When Bjarne Riis started as a teammanager of the CSC-team he introduced survival camps at the start of the season. Besides all the physical torture he put his cyclists through there is one interesting part. Each year the new riders in the team had to do a drinking contest. Like in the year 2006 when Fabian Cancellara, Volodymir Gustov, Kasper Kloostergaard, Inigo Cuesta, Martin Pedersen, Karsten Kroon and Stuart O’Grady. It became a ‘clash of the titans’ between the last two. O’Grady as an Australian had a certain reputation to live up to, since in the peloton they are notorious for their drinking. However, Kroon proved that he didn’t lose the skills from his student years in Holland either.

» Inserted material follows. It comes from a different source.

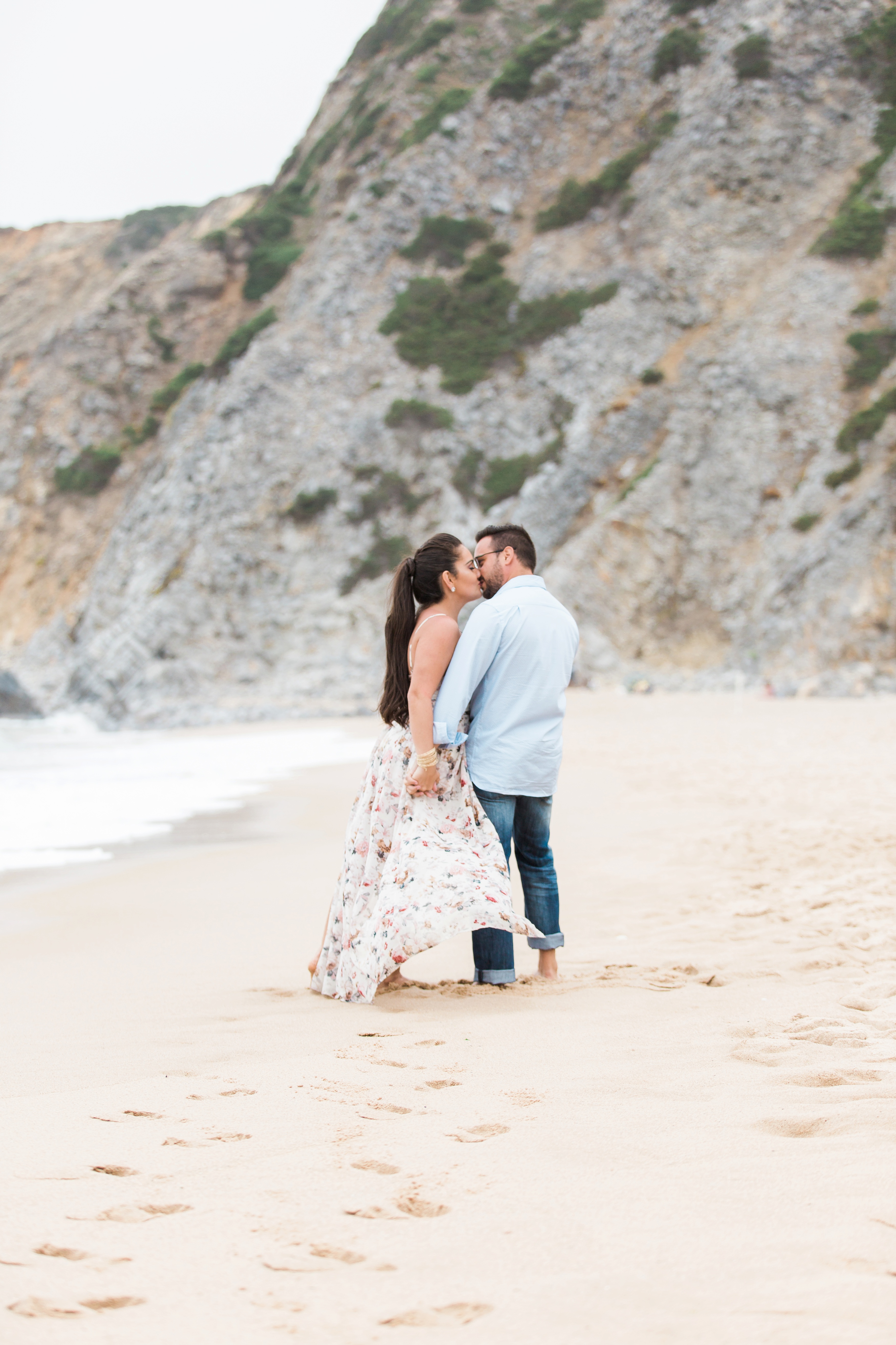 From the palace we enjoyed a scenic drive to a beautiful ocean view lookout point that I still can’t believe I actually visited. I felt like I was looking at a postcard. This view alone was worth the trip to Lisbon. After experiencing the lookout point we took a little drive back through the narrow streets of Lisbon to a quiet beach. This is where we finished our portrait session. The water was ice cold! I have no idea how people were swimming in it. The cliffs were so neat to see. I have never seen a more beautiful beach. Other than in the caribbean of course.

By decision of the judges O’Grady was declared the winner, after which the cyclists went on to drink more at a Tiroler party. Now that’s what we call a proper preparation for the new season. No wonder Riis’ men performed well year after year.
One of the greatest champions in cycling was also a heavy drinker. Jaques Anquetil won the Tour de France five times between 1957 and 1964 but still the Frenchman was far from obsessed by cycling. Therefor he loved life too much. His main passions were drinking and women, where riding a bike was just something he was really good at.
The best story dates from1964 when Anquetil was supposed to start in the GP Rasoir Philips, a semi-classic race of more than 230 kilometers. However when he arrived the day before he couldn’t get to an agreement with the organisation about his starting fee. So he called off the race and went partying with his friends, drinking whisky and champagne till the morning.
After only half an hour of sleep the organisation of the GP Rasoir Philip knocked on the door of his hotelroom to bring him the amount of money he asked for and get him to start the race. Anquetil got to the start looking like a hobo, unshaved and without taking a shower. The peloton – familiar with his dangerous riding style after drinking – gave the champion a head start, so he wouldn’t cause any falls.
However after half an hour they still didn’t caught up with Anquetil and people started to worry. The chase for the drunk began. With several teams working together still they couldn’t catch up with the intoxicated champion, who passed the finish line solo. His nurse would state: “After 15 minutes Jaques started feeling better. And then there was no stopping him.”